12 thoughts on “Six Launches of Starlink Satellites to Reach Initial Activation”

  1. Who will pay the first mover costs and pay to manufacture the components of the most efficient Mars DRM ever and hire SpaceX or BO to deliver them?

    I don’t think think the VC community would do it, low ROI.
    A few big billionaires might get together and chip in as a weekend vanity project, long shot.
    It’s likely to be some combination of national space agencies or nothing.

    I remain hopeful, but still cant see a driver that will make this happen.

  2. Exactly. Mount the pizza-box Starlink antenna, modem, some solar panels and a battery on a cell tower – provide decent broadband to a whole village.

  3. Consider Starlink as an alternative to running land lines or microwave relays between cell towers in a poor country. The receiver could be quite expensive and still be the option of choice for feeding cell towers.

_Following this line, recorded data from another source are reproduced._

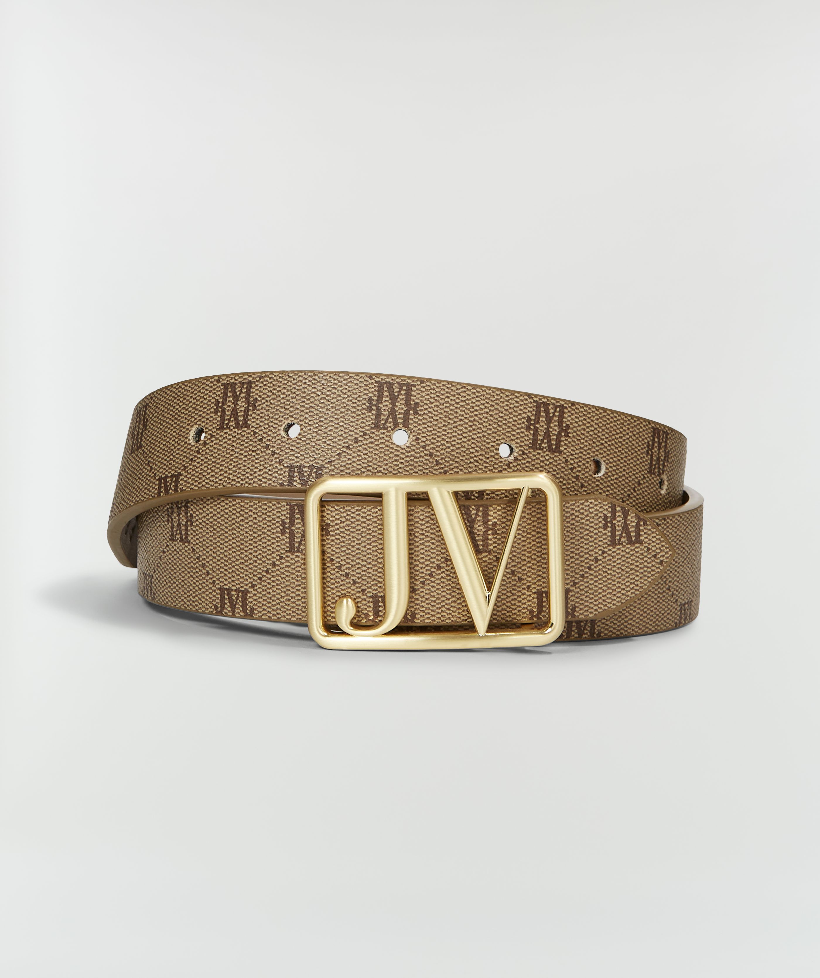 - O cinto de couro sintético tem uma fivela JV removível, facilitando a troca de lados.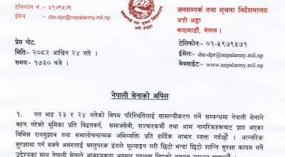 काठमाडौं २४ असोज । नेपाली सेनाले देशमा शान्ति सुरक्षा कायम लिन पहल लिएको बताएको छ।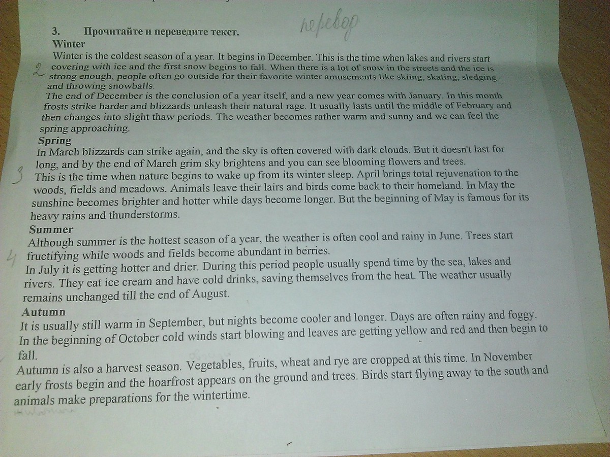 Зима – это самое холодное время года. Она начинается в декабре. В это время озера и реки покрываются льдом, и выпадает первый снег. Когда на улицах много снега, а лед уже достаточно крепкий, люди часто выходят на улицу, чтобы покататься на лыжах, коньках, санках и поиграть в снежки.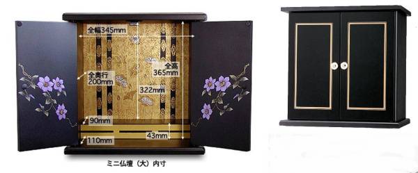 サイズ漆器ミニ仏壇:幅400×奥行40.0×高さ25.5mm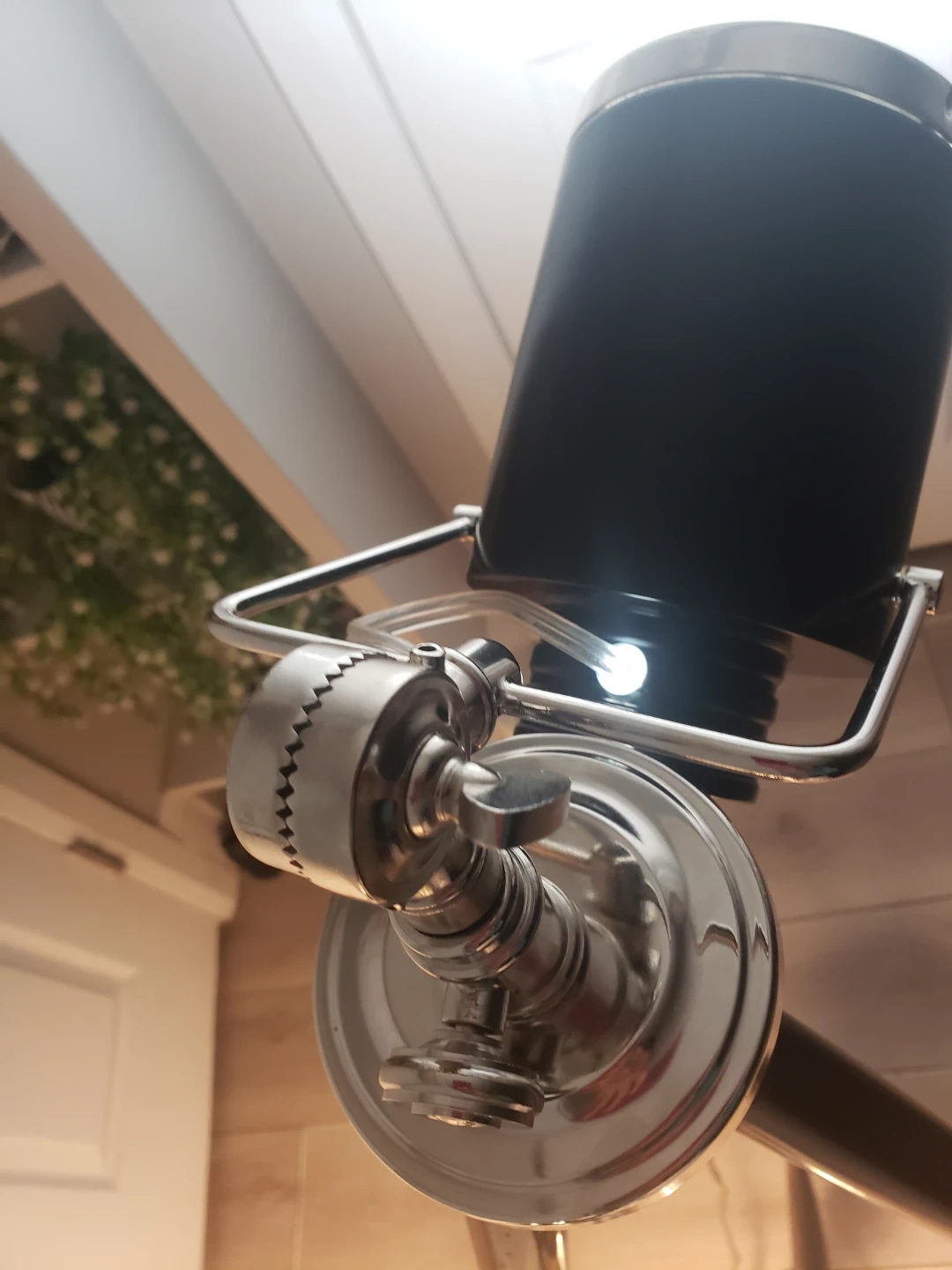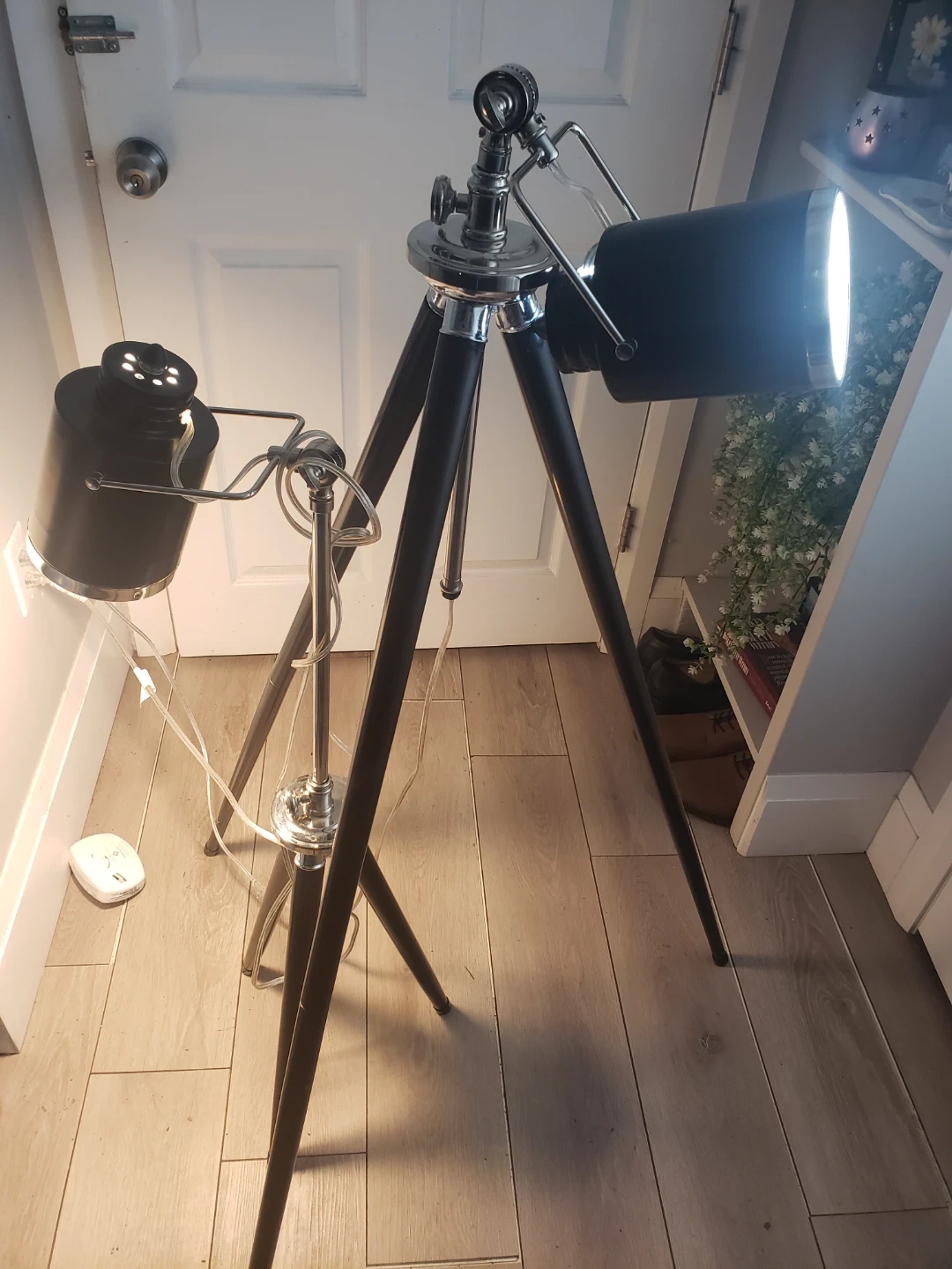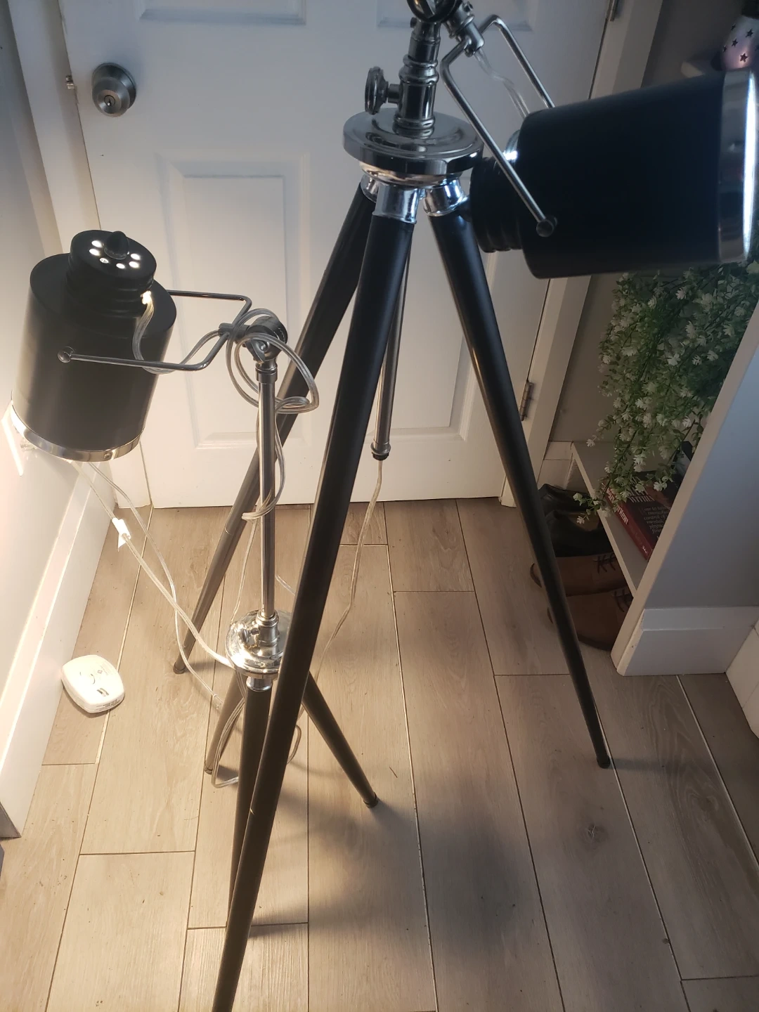 These are 2 black floor lamp with a tripod base. It has adjustable lighting heads and a sleek, modern design. The lamp stands tall, providing ample light for any room.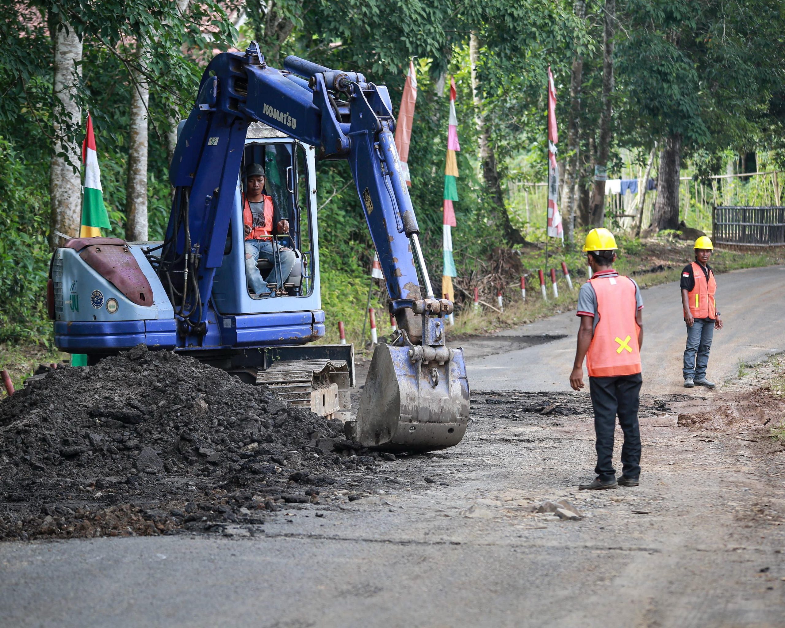 Dilanjutkan oleh Wakil Gubernur Jihan Nurlela mengawali perbaikan jalan di Desa Nibung Kecamatan Melinting Kabupaten Lampung Timur, Selasa 11 Maret 2025.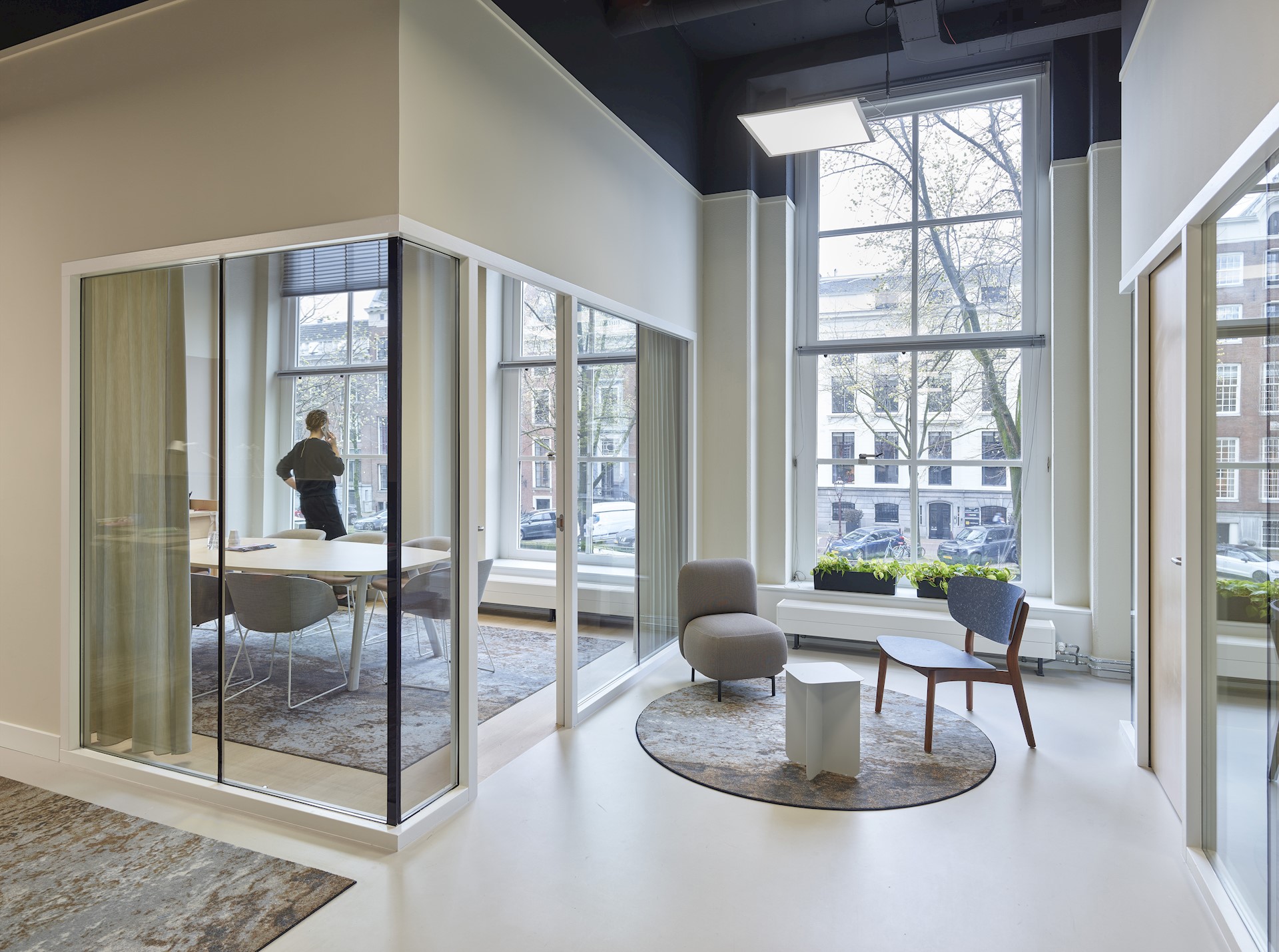 Zoals we dat in iedere kantooromgeving doen, is ook hier een zonering van dynamiek naar rust ontworpen. Gezien de karakteristieke, smalle vorm van het grachtenpand ligt deze zonering in verticale richting. Op de begane grond vinden we een dynamische omgeving, met daarin het werk-lunchcafé. Op de eerste verdieping heeft ontmoeting en samenwerken de overhand. Daar zijn verschillende grote vergaderruimtes te vinden. Op de tweede en derde etage liggen kantoorplekken voor geconcentreerd werken.

  4. No formal plans now but all Elon Musk is doing points towards building the most important parts of eventual space settlement plans.

    He seems not to want to pay it all himself. Someone has to show some nerve and act upon the new abilities Musk’s companies are bringing.

    Which I think is fair. Making the rockets that could take us there is more than enough for any single person or company to do.

  5. Boats, airplanes, self driving trucks and cars. A lot of opportunities for off-the-grid Internet.

    The third world sounds nice, but are they really targeting some peasants in a poor country? or rather the gaps created by 4G and 5G’s preference for dense cities?

    I also think he’s planning to offer Starlink besides other of his companies’ products, for example, giving it to Tesla owners for a discount or even free for a while. SDCs benefit a lot from actual universally available Internet coverage.

  6. Heck, a co-worker of mine is a few hundred feet from the end of a cable run out in the country, and right next to a small subdivision that lacks broadband. And he can’t get them to run cable into the sub! With 20-30 potential customers.

    They’re really reluctant to install that last mile these days.

  7. Interesting deployment plan: spin the tower and sling the satellites out vs traditional push via springs.

  8. They have no current space settlement plans, they do have space settlement related transportation plans-big difference. For a small fee, you can hire them to transport your settlement equipment and your colonists to anywhere in the solar system.

    High tech companies dont attract billions of VC dollars in order to engage in a race to the bottom. The already well supplied end of the market is always the primary target.

  9. Most customers in the US are never going to get fiber to the home. Most ISPs are trying to pitch 5G wireless for broadband, which is likely not going to work super well.

  10. I thought that there are tons of low coverage areas in the developing world, in rural areas and also for transport over the oceans which create a lot of potential. Moon orbit tourism starting at 50 M a person should probably be his next target, the first for the starship.

  11. I don’t think that their goal is to directly compete with people who have fiber in their homes.

    It is their goal to compete and win for rural access, air access, ocean access, etc.

  12. I still wonder about the installation cost & requirements, actual bandwidth per customer, pricing and end user model.

    I know that if this is only for Wall Street fat cats and a backbone for Telcos, I’d be far less excited about the technical miracles they are developing.

    But I’ll still cheer up if they get the bucks for proceeding with their space launchers and settlement plans.